* **Task data**:
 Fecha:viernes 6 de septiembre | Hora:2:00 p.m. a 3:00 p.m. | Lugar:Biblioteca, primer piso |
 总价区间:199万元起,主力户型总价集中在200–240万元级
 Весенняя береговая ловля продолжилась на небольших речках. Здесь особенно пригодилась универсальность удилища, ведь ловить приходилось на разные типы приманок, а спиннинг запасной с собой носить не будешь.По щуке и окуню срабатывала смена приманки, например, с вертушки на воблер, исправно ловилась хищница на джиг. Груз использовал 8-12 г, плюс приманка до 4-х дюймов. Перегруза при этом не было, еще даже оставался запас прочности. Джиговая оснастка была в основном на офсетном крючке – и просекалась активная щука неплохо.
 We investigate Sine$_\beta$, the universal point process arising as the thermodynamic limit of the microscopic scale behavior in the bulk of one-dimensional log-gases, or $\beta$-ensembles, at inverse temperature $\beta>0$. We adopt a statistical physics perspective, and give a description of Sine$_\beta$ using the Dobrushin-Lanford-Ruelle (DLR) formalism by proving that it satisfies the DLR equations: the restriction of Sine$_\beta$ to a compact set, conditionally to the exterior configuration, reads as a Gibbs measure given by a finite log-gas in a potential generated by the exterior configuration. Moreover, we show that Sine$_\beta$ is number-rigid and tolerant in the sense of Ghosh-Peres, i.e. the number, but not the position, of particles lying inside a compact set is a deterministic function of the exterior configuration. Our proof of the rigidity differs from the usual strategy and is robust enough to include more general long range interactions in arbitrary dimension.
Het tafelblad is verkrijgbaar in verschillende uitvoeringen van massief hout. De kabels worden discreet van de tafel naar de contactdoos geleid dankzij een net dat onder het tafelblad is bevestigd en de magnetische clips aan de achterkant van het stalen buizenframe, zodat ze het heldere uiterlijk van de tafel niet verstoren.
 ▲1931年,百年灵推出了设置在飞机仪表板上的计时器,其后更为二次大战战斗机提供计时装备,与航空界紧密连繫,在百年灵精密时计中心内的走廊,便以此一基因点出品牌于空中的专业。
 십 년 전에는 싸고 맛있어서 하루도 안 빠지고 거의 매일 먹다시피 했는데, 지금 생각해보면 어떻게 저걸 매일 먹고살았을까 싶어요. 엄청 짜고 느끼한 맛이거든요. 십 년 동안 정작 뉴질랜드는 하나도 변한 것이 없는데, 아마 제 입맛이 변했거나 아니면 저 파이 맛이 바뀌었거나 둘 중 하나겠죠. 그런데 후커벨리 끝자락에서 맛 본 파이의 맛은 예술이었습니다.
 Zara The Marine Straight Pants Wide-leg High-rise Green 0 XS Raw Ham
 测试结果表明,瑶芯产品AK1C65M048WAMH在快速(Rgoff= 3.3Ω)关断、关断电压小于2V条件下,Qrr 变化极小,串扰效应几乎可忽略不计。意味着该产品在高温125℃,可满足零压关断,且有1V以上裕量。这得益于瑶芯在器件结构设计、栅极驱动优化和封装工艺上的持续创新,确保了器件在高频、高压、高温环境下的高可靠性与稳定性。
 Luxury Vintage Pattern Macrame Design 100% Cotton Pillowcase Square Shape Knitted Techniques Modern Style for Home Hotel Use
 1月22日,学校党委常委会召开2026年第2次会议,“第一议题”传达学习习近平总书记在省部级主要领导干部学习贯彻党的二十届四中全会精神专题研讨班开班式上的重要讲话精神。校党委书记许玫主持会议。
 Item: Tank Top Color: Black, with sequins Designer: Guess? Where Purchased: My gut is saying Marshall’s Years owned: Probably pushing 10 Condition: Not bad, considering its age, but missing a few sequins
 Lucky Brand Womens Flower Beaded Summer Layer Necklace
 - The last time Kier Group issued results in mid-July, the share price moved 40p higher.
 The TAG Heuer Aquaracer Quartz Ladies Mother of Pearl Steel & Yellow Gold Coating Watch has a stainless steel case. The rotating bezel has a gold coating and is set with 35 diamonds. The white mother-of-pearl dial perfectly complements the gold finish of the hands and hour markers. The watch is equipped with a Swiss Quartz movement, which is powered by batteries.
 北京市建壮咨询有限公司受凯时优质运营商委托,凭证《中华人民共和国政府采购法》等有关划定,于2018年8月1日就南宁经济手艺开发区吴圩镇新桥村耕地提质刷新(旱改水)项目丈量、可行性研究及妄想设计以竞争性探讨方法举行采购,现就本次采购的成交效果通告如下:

* **Work instruction**: Only the lines from the start of the material through the line containing "We investigate Sine$_\beta$, the" should be repeated, and they should be repeated exactly.

* **Expected answer**:
 Fecha:viernes 6 de septiembre | Hora:2:00 p.m. a 3:00 p.m. | Lugar:Biblioteca, primer piso |
 总价区间:199万元起,主力户型总价集中在200–240万元级
 Весенняя береговая ловля продолжилась на небольших речках. Здесь особенно пригодилась универсальность удилища, ведь ловить приходилось на разные типы приманок, а спиннинг запасной с собой носить не будешь.По щуке и окуню срабатывала смена приманки, например, с вертушки на воблер, исправно ловилась хищница на джиг. Груз использовал 8-12 г, плюс приманка до 4-х дюймов. Перегруза при этом не было, еще даже оставался запас прочности. Джиговая оснастка была в основном на офсетном крючке – и просекалась активная щука неплохо.
 We investigate Sine$_\beta$, the universal point process arising as the thermodynamic limit of the microscopic scale behavior in the bulk of one-dimensional log-gases, or $\beta$-ensembles, at inverse temperature $\beta>0$. We adopt a statistical physics perspective, and give a description of Sine$_\beta$ using the Dobrushin-Lanford-Ruelle (DLR) formalism by proving that it satisfies the DLR equations: the restriction of Sine$_\beta$ to a compact set, conditionally to the exterior configuration, reads as a Gibbs measure given by a finite log-gas in a potential generated by the exterior configuration. Moreover, we show that Sine$_\beta$ is number-rigid and tolerant in the sense of Ghosh-Peres, i.e. the number, but not the position, of particles lying inside a compact set is a deterministic function of the exterior configuration. Our proof of the rigidity differs from the usual strategy and is robust enough to include more general long range interactions in arbitrary dimension.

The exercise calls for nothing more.